──────── Recorded information ────────

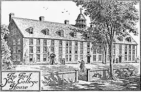 When Yale College moved to New Haven in 1718, the town constructed its first building, the "College House," at the corner of College and Chapel Streets, where Bingham Hall now stands. The wood-framed structure contained all the functions of the college: student rooms, a library, and a combined chapel and dining hall.[1] Falling into disrepair, this building was torn down in stages from 1775 to 1782.[2]
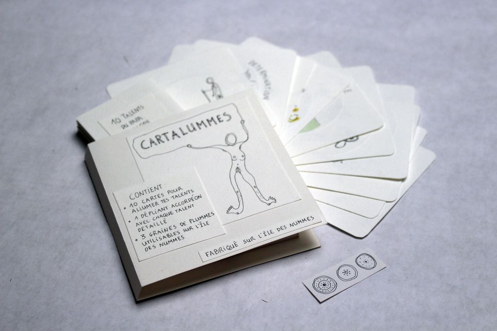 Voici le 3ème jeu de Cartalummes que je ramène de l’Île des Nummes. Si toi aussi tu veux allumer tes talents ou ceux de quelqu’un.e que tu aimes (ou même de quelqu’un.e que tu n’aimes pas), contacte-moi là je pourrais transmettre ta demande aux Nummes et je te servirais d’intermédiaire entre eux et toi.
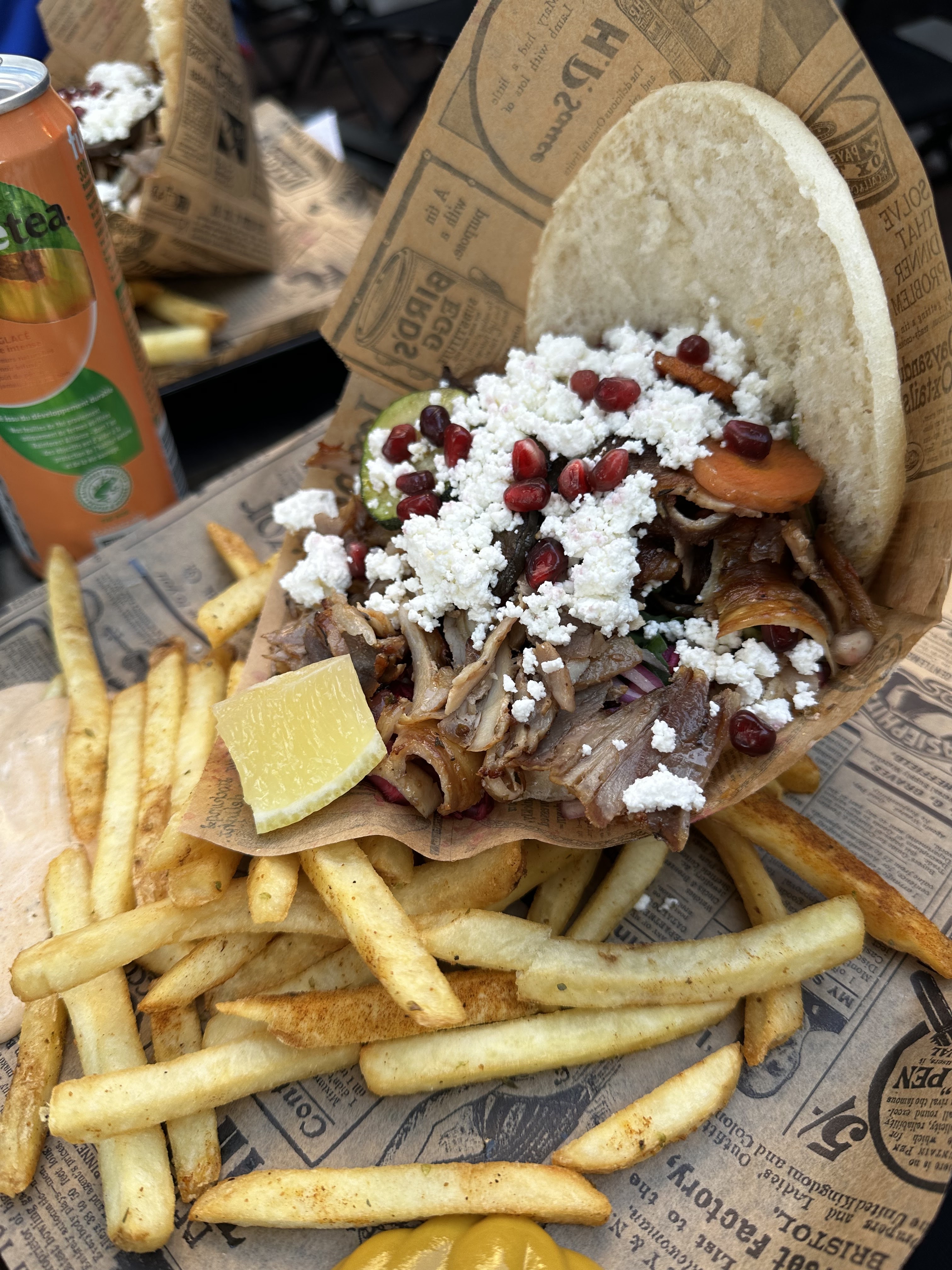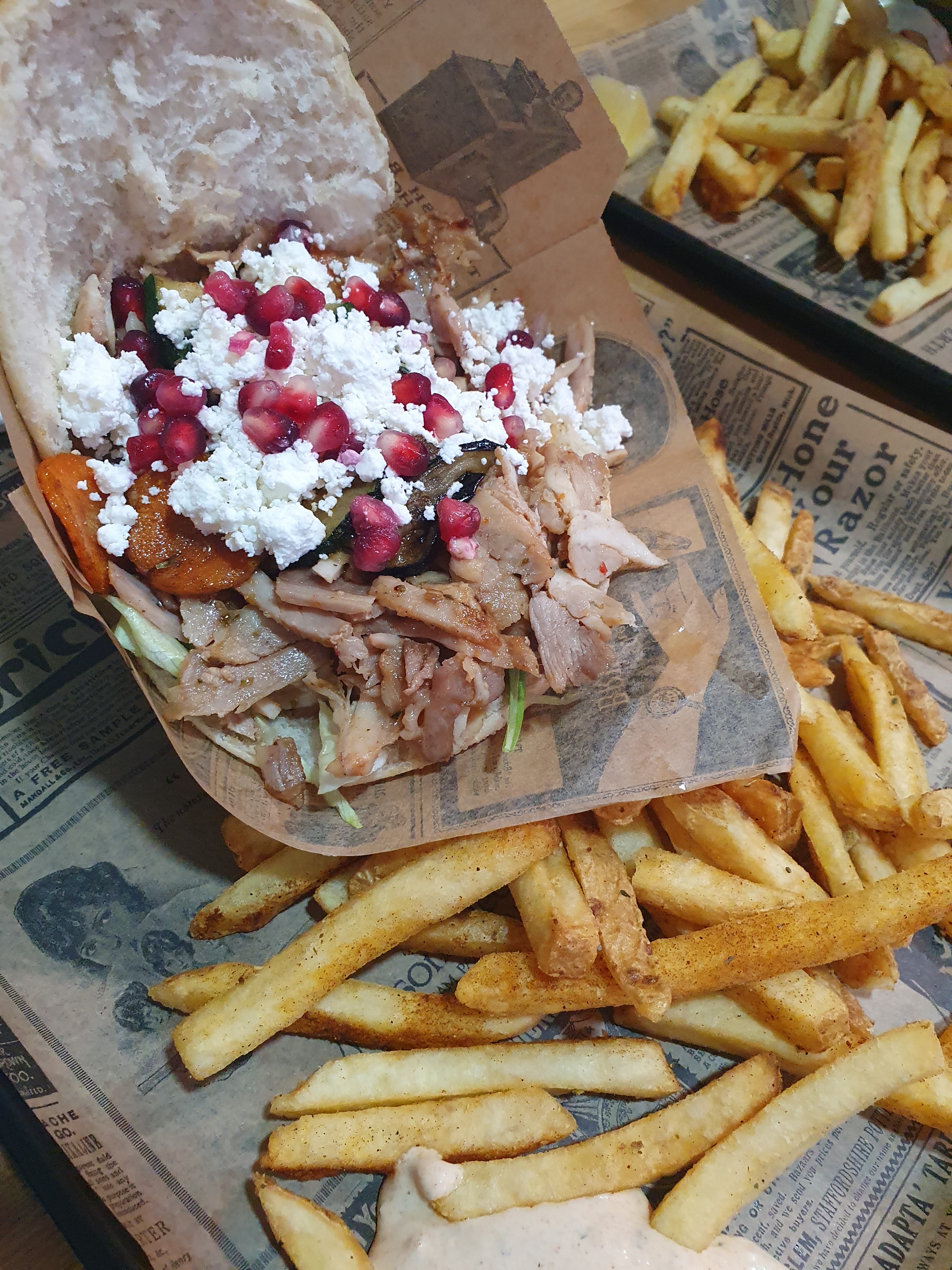 Les pitas et les salades sont délicieuses et les frites , un régal 😋 j’ai adoré la saucée moutarde miel 👍 Deco sympa Équipe accueillante Resto propre Petit bémol, les toilettes sont proche des tables mais c’est par manque de place sûrement. Nous reviendrons quand même 👌

────────

Line by line, give the material above again exactly, but without any pictures.

■ Exercise response ■
 When Yale College moved to New Haven in 1718, the town constructed its first building, the "College House," at the corner of College and Chapel Streets, where Bingham Hall now stands. The wood-framed structure contained all the functions of the college: student rooms, a library, and a combined chapel and dining hall.[1] Falling into disrepair, this building was torn down in stages from 1775 to 1782.[2]
 Voici le 3ème jeu de Cartalummes que je ramène de l’Île des Nummes. Si toi aussi tu veux allumer tes talents ou ceux de quelqu’un.e que tu aimes (ou même de quelqu’un.e que tu n’aimes pas), contacte-moi là je pourrais transmettre ta demande aux Nummes et je te servirais d’intermédiaire entre eux et toi.
 Les pitas et les salades sont délicieuses et les frites , un régal 😋 j’ai adoré la saucée moutarde miel 👍 Deco sympa Équipe accueillante Resto propre Petit bémol, les toilettes sont proche des tables mais c’est par manque de place sûrement. Nous reviendrons quand même 👌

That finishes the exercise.